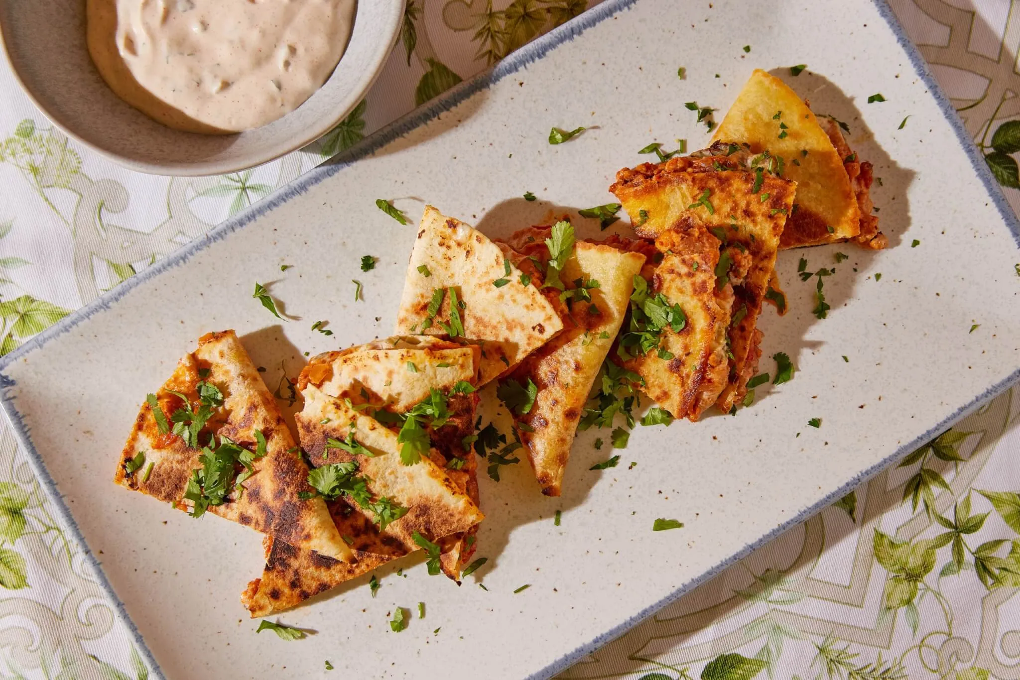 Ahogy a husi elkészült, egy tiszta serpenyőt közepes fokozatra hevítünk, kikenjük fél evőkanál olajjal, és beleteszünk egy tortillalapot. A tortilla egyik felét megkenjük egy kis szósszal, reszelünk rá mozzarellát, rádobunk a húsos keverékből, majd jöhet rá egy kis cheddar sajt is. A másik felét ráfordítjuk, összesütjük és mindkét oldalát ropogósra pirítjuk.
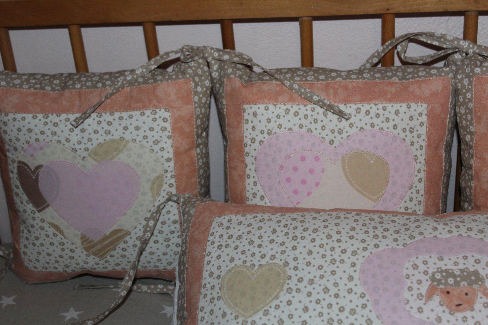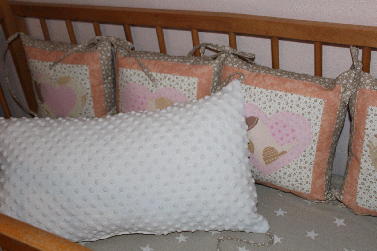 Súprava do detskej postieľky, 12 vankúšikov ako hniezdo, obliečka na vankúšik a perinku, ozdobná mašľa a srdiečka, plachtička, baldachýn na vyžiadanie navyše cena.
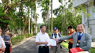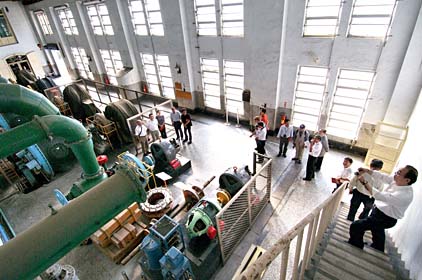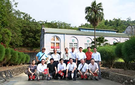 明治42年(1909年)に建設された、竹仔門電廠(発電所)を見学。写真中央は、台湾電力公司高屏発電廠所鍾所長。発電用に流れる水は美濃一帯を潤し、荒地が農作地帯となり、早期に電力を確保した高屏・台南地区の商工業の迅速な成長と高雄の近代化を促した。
------
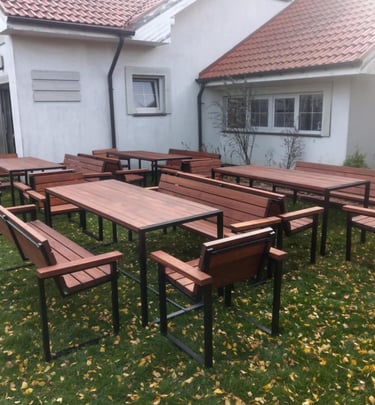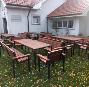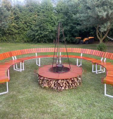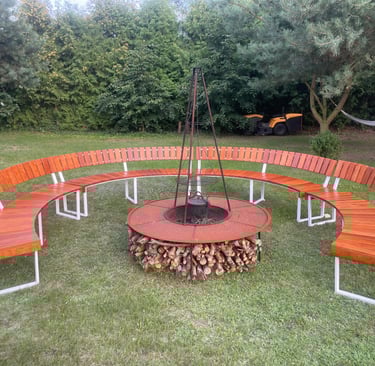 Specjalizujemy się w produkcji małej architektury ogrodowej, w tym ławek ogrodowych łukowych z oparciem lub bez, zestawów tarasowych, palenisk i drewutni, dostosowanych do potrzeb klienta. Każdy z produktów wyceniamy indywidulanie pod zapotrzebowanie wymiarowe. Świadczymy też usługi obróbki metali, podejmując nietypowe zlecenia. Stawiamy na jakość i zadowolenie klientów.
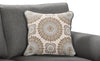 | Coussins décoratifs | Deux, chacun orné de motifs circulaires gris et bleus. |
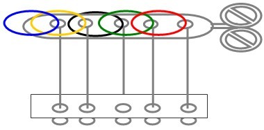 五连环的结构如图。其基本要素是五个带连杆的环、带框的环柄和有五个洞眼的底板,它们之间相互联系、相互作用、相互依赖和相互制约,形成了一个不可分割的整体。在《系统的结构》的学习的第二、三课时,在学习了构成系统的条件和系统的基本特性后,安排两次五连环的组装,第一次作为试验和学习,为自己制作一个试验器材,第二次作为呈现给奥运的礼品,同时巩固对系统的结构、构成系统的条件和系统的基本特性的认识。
------
Look back at the data above, then output exactly the lines from the line holding "Ahogy a husi" up to and including the line holding "明治42年(1909年)に建". Leave out the pictures.

* [RESULT FOR THIS TASK]
 Ahogy a husi elkészült, egy tiszta serpenyőt közepes fokozatra hevítünk, kikenjük fél evőkanál olajjal, és beleteszünk egy tortillalapot. A tortilla egyik felét megkenjük egy kis szósszal, reszelünk rá mozzarellát, rádobunk a húsos keverékből, majd jöhet rá egy kis cheddar sajt is. A másik felét ráfordítjuk, összesütjük és mindkét oldalát ropogósra pirítjuk.
 Súprava do detskej postieľky, 12 vankúšikov ako hniezdo, obliečka na vankúšik a perinku, ozdobná mašľa a srdiečka, plachtička, baldachýn na vyžiadanie navyše cena.
 明治42年(1909年)に建設された、竹仔門電廠(発電所)を見学。写真中央は、台湾電力公司高屏発電廠所鍾所長。発電用に流れる水は美濃一帯を潤し、荒地が農作地帯となり、早期に電力を確保した高屏・台南地区の商工業の迅速な成長と高雄の近代化を促した。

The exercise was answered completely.